┌────────

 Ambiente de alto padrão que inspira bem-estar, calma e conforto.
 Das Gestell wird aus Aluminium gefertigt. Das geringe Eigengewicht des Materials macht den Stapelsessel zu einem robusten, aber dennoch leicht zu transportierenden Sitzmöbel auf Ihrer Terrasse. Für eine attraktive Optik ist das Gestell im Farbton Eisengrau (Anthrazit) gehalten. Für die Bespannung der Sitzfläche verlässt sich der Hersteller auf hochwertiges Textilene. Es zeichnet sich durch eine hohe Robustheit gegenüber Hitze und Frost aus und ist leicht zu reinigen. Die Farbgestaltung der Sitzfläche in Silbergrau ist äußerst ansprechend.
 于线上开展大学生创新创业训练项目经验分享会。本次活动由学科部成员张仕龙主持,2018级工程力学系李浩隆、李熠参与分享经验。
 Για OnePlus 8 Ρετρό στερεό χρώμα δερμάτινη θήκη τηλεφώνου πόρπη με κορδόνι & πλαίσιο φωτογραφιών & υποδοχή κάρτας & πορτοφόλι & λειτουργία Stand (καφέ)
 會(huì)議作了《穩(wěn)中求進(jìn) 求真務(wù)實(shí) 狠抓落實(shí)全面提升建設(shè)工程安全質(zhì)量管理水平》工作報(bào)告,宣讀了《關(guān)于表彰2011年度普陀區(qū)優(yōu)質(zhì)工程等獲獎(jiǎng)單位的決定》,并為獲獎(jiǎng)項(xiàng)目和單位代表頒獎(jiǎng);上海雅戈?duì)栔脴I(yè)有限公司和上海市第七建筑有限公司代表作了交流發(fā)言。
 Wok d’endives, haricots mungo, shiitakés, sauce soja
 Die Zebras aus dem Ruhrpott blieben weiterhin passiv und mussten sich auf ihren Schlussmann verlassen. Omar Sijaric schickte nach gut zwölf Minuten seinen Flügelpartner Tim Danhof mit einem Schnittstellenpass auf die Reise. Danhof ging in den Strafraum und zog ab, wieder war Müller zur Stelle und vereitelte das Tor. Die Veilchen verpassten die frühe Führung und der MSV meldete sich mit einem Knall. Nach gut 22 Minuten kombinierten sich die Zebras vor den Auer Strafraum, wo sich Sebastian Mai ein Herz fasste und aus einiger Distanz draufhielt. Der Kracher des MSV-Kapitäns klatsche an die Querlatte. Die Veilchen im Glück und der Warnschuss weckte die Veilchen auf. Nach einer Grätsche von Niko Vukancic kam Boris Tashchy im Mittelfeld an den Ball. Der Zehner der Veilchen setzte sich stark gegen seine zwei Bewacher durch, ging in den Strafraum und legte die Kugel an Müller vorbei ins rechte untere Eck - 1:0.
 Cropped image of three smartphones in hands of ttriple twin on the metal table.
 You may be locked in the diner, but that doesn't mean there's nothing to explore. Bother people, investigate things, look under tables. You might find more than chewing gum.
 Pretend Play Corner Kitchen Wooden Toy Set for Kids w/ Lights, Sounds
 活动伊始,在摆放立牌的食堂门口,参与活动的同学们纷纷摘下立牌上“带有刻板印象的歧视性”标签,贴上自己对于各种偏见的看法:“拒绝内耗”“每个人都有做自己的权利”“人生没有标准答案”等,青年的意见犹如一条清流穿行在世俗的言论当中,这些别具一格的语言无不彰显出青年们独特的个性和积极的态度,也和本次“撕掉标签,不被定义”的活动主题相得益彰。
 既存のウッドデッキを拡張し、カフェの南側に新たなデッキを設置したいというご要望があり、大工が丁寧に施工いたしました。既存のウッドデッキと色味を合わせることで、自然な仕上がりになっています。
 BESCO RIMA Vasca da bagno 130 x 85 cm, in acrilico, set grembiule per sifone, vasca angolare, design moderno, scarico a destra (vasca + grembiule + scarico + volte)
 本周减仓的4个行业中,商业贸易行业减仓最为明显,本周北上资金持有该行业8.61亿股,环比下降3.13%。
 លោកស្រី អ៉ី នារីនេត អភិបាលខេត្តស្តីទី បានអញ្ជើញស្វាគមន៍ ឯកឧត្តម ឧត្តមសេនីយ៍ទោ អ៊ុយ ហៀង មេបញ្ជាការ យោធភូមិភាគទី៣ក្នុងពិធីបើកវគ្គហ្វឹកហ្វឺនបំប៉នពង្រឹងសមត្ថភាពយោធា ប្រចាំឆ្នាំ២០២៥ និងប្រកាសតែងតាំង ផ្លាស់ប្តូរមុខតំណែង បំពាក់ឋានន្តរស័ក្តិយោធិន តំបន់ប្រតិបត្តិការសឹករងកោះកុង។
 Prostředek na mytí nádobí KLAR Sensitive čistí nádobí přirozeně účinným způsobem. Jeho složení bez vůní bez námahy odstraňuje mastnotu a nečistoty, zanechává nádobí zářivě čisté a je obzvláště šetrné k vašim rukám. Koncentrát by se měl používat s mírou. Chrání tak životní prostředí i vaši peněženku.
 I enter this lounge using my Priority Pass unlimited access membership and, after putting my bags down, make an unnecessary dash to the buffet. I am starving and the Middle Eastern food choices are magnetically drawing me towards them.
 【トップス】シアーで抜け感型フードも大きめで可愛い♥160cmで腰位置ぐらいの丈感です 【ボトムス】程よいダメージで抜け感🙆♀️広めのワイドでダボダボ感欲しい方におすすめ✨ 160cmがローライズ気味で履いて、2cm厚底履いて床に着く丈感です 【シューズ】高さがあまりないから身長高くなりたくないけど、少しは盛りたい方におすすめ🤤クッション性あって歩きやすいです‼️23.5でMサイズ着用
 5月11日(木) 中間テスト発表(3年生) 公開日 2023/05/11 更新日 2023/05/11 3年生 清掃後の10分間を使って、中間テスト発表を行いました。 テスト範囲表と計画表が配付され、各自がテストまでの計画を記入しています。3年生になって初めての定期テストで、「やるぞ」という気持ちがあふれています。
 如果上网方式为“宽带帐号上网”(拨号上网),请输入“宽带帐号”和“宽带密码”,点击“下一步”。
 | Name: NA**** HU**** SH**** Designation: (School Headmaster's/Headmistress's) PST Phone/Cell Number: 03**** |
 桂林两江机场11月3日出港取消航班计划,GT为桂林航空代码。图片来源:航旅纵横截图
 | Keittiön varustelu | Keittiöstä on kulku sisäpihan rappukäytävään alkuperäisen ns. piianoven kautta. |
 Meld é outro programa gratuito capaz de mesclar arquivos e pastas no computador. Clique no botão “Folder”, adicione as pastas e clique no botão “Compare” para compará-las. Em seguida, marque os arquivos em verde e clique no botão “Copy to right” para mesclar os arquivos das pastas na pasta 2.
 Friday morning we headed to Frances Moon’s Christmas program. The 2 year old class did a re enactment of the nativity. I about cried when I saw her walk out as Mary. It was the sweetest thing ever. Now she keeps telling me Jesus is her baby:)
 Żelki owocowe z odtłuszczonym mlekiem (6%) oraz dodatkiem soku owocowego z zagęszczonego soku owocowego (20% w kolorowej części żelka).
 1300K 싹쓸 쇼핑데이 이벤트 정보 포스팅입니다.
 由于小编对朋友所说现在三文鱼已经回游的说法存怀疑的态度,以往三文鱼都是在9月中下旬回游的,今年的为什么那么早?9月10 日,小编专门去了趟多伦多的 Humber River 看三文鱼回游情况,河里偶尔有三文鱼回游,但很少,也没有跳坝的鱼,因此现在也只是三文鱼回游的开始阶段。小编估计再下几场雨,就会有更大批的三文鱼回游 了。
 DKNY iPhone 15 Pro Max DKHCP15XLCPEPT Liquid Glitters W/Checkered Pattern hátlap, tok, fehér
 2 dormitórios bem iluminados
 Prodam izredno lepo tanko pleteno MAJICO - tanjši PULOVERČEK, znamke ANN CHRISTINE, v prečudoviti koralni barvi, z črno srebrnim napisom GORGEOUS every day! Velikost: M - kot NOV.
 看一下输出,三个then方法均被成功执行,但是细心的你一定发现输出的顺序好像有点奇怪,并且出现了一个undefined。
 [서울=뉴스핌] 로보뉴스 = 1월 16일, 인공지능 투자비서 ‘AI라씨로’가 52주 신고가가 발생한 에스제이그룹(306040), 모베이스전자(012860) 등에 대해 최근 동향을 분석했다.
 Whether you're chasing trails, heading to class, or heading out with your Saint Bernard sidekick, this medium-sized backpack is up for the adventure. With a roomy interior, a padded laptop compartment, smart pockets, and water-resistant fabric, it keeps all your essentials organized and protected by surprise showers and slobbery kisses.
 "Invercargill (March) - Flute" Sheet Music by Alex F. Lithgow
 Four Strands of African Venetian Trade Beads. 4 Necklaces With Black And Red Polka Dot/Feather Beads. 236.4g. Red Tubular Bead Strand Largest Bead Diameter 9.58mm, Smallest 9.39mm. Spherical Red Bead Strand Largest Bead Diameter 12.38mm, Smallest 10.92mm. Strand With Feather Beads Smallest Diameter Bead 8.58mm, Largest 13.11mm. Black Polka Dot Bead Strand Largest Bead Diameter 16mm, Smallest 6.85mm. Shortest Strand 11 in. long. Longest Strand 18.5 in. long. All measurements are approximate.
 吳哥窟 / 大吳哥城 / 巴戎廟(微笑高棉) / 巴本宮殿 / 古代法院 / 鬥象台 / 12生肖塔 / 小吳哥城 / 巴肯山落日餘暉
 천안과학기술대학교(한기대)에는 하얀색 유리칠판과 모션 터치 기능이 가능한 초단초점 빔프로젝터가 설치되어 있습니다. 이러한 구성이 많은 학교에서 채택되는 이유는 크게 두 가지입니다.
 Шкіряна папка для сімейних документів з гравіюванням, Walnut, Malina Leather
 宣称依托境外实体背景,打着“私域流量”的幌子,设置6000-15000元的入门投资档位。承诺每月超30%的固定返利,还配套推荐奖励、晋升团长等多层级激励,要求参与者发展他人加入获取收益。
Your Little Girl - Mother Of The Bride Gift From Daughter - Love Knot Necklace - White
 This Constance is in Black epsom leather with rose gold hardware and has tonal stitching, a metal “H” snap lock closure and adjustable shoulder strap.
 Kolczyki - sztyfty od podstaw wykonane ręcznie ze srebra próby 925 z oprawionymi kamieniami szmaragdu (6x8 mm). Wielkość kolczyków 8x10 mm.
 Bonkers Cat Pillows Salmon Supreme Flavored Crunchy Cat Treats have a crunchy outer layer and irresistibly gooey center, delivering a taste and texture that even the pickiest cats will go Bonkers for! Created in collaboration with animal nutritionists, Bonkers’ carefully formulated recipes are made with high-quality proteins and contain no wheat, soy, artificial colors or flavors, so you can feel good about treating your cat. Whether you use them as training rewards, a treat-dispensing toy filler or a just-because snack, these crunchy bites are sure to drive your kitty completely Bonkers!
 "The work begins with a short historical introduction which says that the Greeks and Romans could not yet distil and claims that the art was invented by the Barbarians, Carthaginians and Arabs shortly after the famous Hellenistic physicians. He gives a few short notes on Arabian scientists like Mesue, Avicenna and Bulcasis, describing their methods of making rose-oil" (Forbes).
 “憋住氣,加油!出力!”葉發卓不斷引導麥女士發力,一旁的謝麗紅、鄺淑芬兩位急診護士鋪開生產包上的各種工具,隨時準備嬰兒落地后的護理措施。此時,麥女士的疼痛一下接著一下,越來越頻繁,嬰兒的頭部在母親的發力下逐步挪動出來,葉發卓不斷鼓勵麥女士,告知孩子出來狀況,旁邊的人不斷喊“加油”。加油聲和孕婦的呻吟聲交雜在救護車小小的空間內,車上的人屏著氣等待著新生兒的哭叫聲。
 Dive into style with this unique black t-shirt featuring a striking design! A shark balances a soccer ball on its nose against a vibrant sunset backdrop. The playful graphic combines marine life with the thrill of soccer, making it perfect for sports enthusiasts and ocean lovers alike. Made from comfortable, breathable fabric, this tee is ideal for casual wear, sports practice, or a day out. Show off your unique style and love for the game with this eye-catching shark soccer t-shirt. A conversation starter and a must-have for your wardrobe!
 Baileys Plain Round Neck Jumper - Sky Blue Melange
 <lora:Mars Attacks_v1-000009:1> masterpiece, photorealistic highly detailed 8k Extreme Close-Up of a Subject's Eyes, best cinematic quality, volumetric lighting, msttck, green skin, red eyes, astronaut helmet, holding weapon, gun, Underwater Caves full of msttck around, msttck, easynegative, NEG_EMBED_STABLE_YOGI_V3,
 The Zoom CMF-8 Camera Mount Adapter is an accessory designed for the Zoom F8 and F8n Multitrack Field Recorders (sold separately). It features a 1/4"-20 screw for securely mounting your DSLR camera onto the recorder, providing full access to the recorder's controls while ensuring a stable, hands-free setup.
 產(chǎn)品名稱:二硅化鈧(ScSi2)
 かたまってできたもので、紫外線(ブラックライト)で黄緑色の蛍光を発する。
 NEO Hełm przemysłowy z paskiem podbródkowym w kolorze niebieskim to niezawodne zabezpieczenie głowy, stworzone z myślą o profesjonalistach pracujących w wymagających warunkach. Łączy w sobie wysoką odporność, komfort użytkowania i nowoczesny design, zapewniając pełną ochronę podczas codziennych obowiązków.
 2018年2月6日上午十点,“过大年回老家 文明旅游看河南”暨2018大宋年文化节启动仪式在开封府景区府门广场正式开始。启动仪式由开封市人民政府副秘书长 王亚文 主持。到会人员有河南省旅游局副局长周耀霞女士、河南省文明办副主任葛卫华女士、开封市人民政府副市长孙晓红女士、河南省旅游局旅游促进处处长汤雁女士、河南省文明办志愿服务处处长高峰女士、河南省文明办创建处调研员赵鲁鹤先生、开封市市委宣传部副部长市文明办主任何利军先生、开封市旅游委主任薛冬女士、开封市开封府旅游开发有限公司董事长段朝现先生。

└────────

→ **What you need to do**:
From the records above, quote only the lines running from the line with "Four Strands of" to the line with "吳哥窟 / 大吳哥城 /", both lines included.

→ **Written answer**:
 Four Strands of African Venetian Trade Beads. 4 Necklaces With Black And Red Polka Dot/Feather Beads. 236.4g. Red Tubular Bead Strand Largest Bead Diameter 9.58mm, Smallest 9.39mm. Spherical Red Bead Strand Largest Bead Diameter 12.38mm, Smallest 10.92mm. Strand With Feather Beads Smallest Diameter Bead 8.58mm, Largest 13.11mm. Black Polka Dot Bead Strand Largest Bead Diameter 16mm, Smallest 6.85mm. Shortest Strand 11 in. long. Longest Strand 18.5 in. long. All measurements are approximate.
 吳哥窟 / 大吳哥城 / 巴戎廟(微笑高棉) / 巴本宮殿 / 古代法院 / 鬥象台 / 12生肖塔 / 小吳哥城 / 巴肯山落日餘暉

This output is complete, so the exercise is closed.